Comparison of Operating Room Utilization Time Between Immediate and Delayed Sequential Bilateral Cataract Surgery at a Tertiary Hospital in Thailand

Cong Ngoc Nguyen,^{1– 3,}^* Thanapong Somkijrungroj,^2,^4,^* Pear Ferreira Pongsachareonnont,^4,^5,^* Wasee Tulvatana^2,^6,^*

¹Clinical Sciences (International Program), Faculty of Medicine, Chulalongkorn University, Bangkok, Thailand; ²Department of Ophthalmology, Faculty of Medicine, Chulalongkorn University, Bangkok, Thailand; ³Department of Ophthalmology, Faculty of Medicine, Can Tho University of Medicine and Pharmacy, Can Tho, Vietnam; ⁴Center of Excellence in Retina, Department of Ophthalmology, Faculty of Medicine, Chulalongkorn University, Bangkok, Thailand; ⁵Department of Ophthalmology, Faculty of Health Sciences, Queen’s University, Kingston, ON, Canada; ⁶Department of Ophthalmology, King Chulalongkorn Memorial Hospital, Thai Red Cross Society, Bangkok, Thailand

*These authors contributed equally to this work

Correspondence: Wasee Tulvatana, Department of Ophthalmology, Faculty of Medicine, Chulalongkorn University, No. 1873, Rama IV Road, Pathumwan, Bangkok, 10330, Thailand, Tel +6622564000 ext 61632, Email [email protected]

Purpose: To compare operating room (OR) utilization time between immediate sequential bilateral cataract surgery (ISBCS) and delayed sequential bilateral cataract surgery (DSBCS) at a tertiary care hospital in Thailand.
Patients and Methods: This prospective observational study was conducted at King Chulalongkorn Memorial Hospital, Bangkok, Thailand. From April to September 2024, a total of 99 patients were recruited (45 ISBCS, 54 DSBCS). Nine DSBCS patients were excluded due to surgery intervals exceeding 12 weeks, resulting in 90 patients (45 per group) for analysis. Inverse probability of treatment weighting (IPTW) was applied to balance baseline covariates. Weighted linear regression models were used to estimate treatment effects on total OR time and its components, including preparation, draping, surgical, exit, and turnover times.
Results: Baseline characteristics showed ISBCS group had more surgeries performed by younger surgeons (p = 0.014) and more frequent use of toric (p = 0.034) and preloaded IOLs (p = 0.004). Average OR utilization time was 55.8 minutes (SD = 12.0) for ISBCS and 60.0 minutes (SD = 12.9) for DSBCS. After IPTW adjustment, ISBCS reduced total OR time by 5.81 minutes (95% CI 0.87 to 10.76) compared to DSBCS. This reduction remained consistent across multivariate models (5.86– 5.99 minutes). Time savings were primarily attributed to shorter surgical time (p = 0.006), exit time (p < 0.001), and turnover times (p = 0.002). Surgeon experience had the most significant impact on OR time.
Conclusion: ISBCS reduced total OR utilization time by approximately 6 minutes (10%) per patient compared to DSBCS, enhancing operational efficiency and potentially increasing surgical capacity.
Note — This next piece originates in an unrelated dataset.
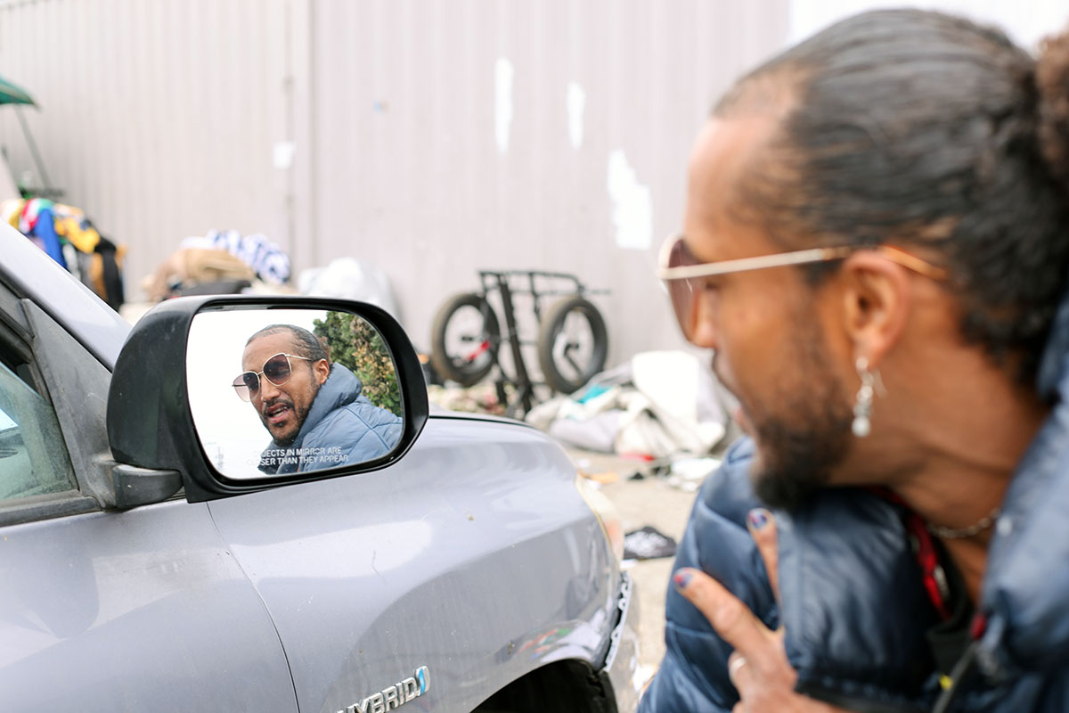 While we waited for the 1 p.m. sweep on Monday morning, Pinapplez demonstrated how he uses the rotated rear view mirror of a friend’s car to see himself practice fitness and dance routines he’s invented. From bins of donated clothes, he conjures outfits styled to his friends’ tastes. One friend, who lives in an encampment out of town but arrived that morning to help Pineapplez and others pack, described Pineapplez as “immaculate.”

Keywords: bilateral cataract surgery, operating room utilization time, ISBCS, DSBCS

Introduction

Cataract extraction is the most commonly performed elective surgery globally, with over 20 million procedures conducted annually.¹ With an aging global population, the demand for cataract surgery is steadily increasing, placing substantial pressure on healthcare systems, particularly in terms of financial and operating room (OR) resources.^2,3 The OR is a critical department, generating more than two-thirds of the overall revenue for the hospital.^4–6 However, it is also resource-intensive; for instance, the cost of cataract surgery has been estimated at US$11.24 per minute spent in the OR from the institution’s perspective.⁷ Even a one-minute reduction per procedure, when scaled across millions of annual cases, could result in significant cost savings at both national and international levels.

Although cataract surgery is exceptionally cost-effective, its growing frequency emphasizes the need to optimize OR efficiency to manage costs, enhance productivity, and maintain high standards of care. The growing demand for cataract surgery has also resulted in longer surgical waiting lists, which pose significant challenges for patients. Patients waiting over 6 months for surgery experience significantly more vision loss, reduced quality of life, and a higher incidence of falls compared to those with wait times under 6 weeks.⁸ These delays highlight the urgency of improving surgical access and efficiency to mitigate the adverse effects on patients’ health and well-being.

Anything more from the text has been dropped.